Multi-objective design optimization for mild moxibustion considering heat penetration and patient comfort

Abstract Mild moxibustion is a type of moxibustion treatment approach. The burning end of the moxa stick is kept at a fixed distance from the moxibustion skin, aiming to make the patient feel warm without burning pain. The key to enhancing the efficacy of mild moxibustion is to balance heat penetration and patient comfort by controlling the temperature field distribution. This paper proposes a multi-objective design optimization approach based on global sensitivity for mild moxibustion considering heat penetration and patient comfort. The purpose is to provide optimal mild moxibustion parameters ensuring heat penetration and patient comfort. Firstly, a parametric model of mild moxibustion temperature field was developed through the numerical simulation software of COMSOL. Secondly, global sensitivity was analyzed on the moxibustion parameters, such as the moxa stick burning temperature, moxa stick size, stick-to-skin distance, and ambient temperature.

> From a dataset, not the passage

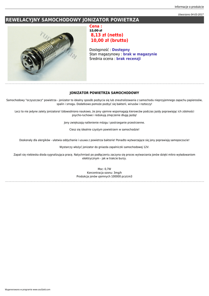 Informacje o produkcie Utworzono 04-03-2017 REWELACYJNY SAMOCHODOWY JONIZATOR POWIETRZA Cena : 12,00 zł 8,13 zł (netto) 10,00 zł (brutto) Dostępność : Dostępny Stan magazynowy : brak w magazynie Średnia ocena : brak recenzji JONIZATOR POWIETRZA SAMOCHODOWY Samochodowy "oczyszczacz" powietrza - jonizator to idealny sposób pozbycia się lub zneutralizowania z samochodu nieprzyjemnego zapachu papierosów, spalin i smogu. Dodatkowo pomoże pozbyć się bakterii, wirusów i roztoczy! Lecz to nie jedyne zalety jonizatora! Udowodniono naukowo, że jony ujemne wspomagają kierowców podczas jazdy poprawiając ich zdolności psycho-ruchowe i redukują zmęczenie długą jazdą! Jony zwiększają natlenienie mózgu i postrzeganie przestrzenne. Ciesz się idealnie czystym powietrzem w samochodzie! Doskonały dla alergików - ułatwia oddychanie i usuwa z powietrza bakterie! Ponadto wytwarzające się jony poprawiają samopoczucie! Wystarczy włożyć jonizator do gniazda zapalniczki samochodowej 12V. Zapali się niebieska dioda sygnalizująca pracę. Natychmiast po podłączeniu zaczyna się proces wytwarzania jonów dzięki mikro wyładowaniom elektrycznym - jak w trakcie burzy. Moc: 0,7W Koncentracja ozonu: 3mg/h Produkcja jonów ujemnych 100000 pcs/cm3 Wygenerowano w programie www.oscGold.com

A functional decomposition algorithm was employed to calculate the global sensitivity indexes to accurately evaluate the sensitivity of moxibustion parameters. Thirdly, a multi-objective design optimization problem for the mild moxibustion was modelled. The non-dominated sorting genetic algorithm-II (NSGA-II) was adopted to solve the model to obtain the Pareto-optimal solutions. The proposed approach can solve the moxibustion parameter optimization problem balancing the heat penetration and patient comfort to achieve the optimal mild moxibustion efficacy. Consequently, the theoretical and clinical development of mild moxibustion is promoted.